SUPPLIED DATA
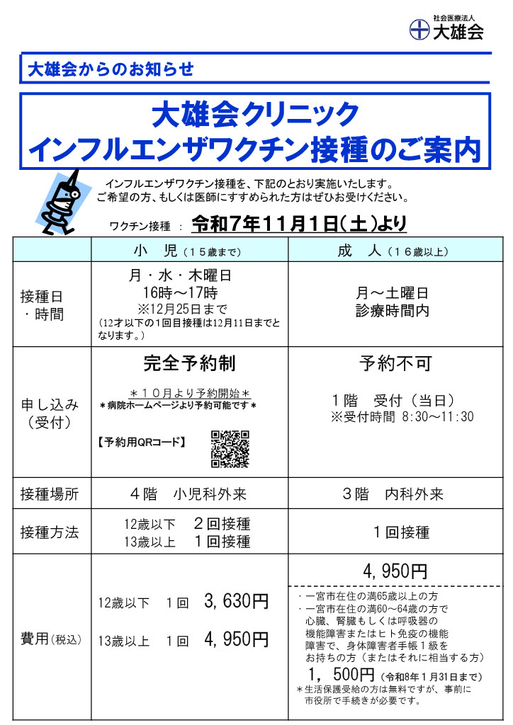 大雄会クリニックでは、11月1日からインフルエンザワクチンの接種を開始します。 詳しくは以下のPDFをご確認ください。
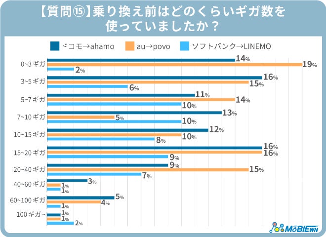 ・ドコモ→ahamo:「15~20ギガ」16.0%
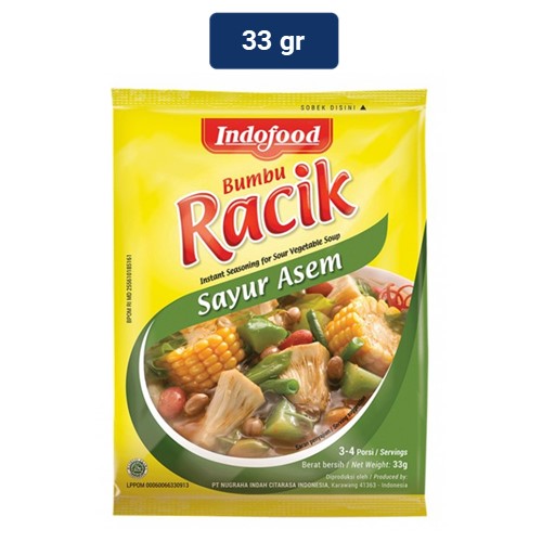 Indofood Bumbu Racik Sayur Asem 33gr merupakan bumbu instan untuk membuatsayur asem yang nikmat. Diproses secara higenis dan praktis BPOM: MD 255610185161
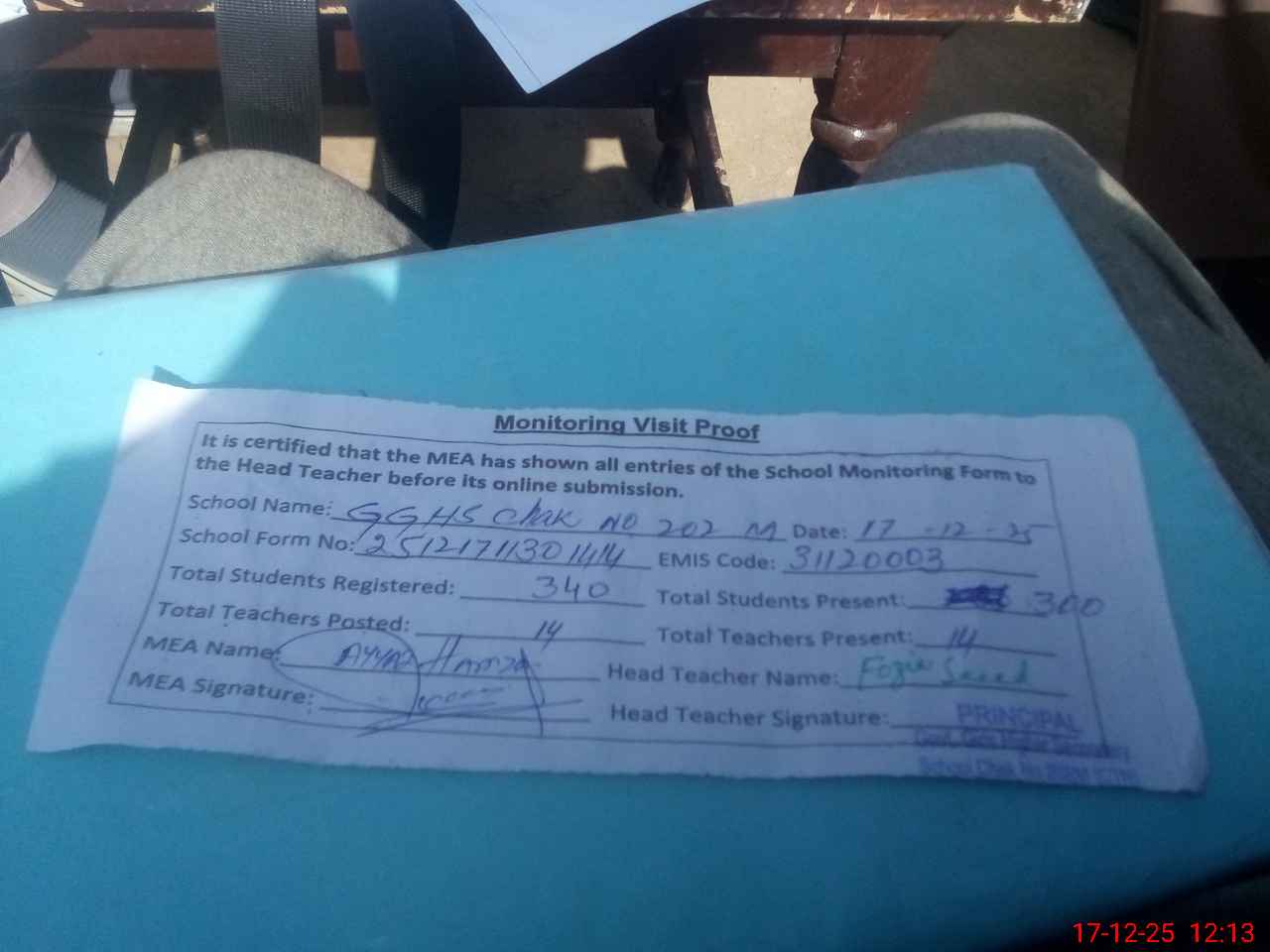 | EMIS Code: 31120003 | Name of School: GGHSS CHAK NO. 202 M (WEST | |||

WHAT TO PRODUCE
I would like the material repeated in full and exactly, with its images omitted.

YOUR RESPONSE
 大雄会クリニックでは、11月1日からインフルエンザワクチンの接種を開始します。 詳しくは以下のPDFをご確認ください。
 ・ドコモ→ahamo:「15~20ギガ」16.0%
 Indofood Bumbu Racik Sayur Asem 33gr merupakan bumbu instan untuk membuatsayur asem yang nikmat. Diproses secara higenis dan praktis BPOM: MD 255610185161
 | EMIS Code: 31120003 | Name of School: GGHSS CHAK NO. 202 M (WEST | |||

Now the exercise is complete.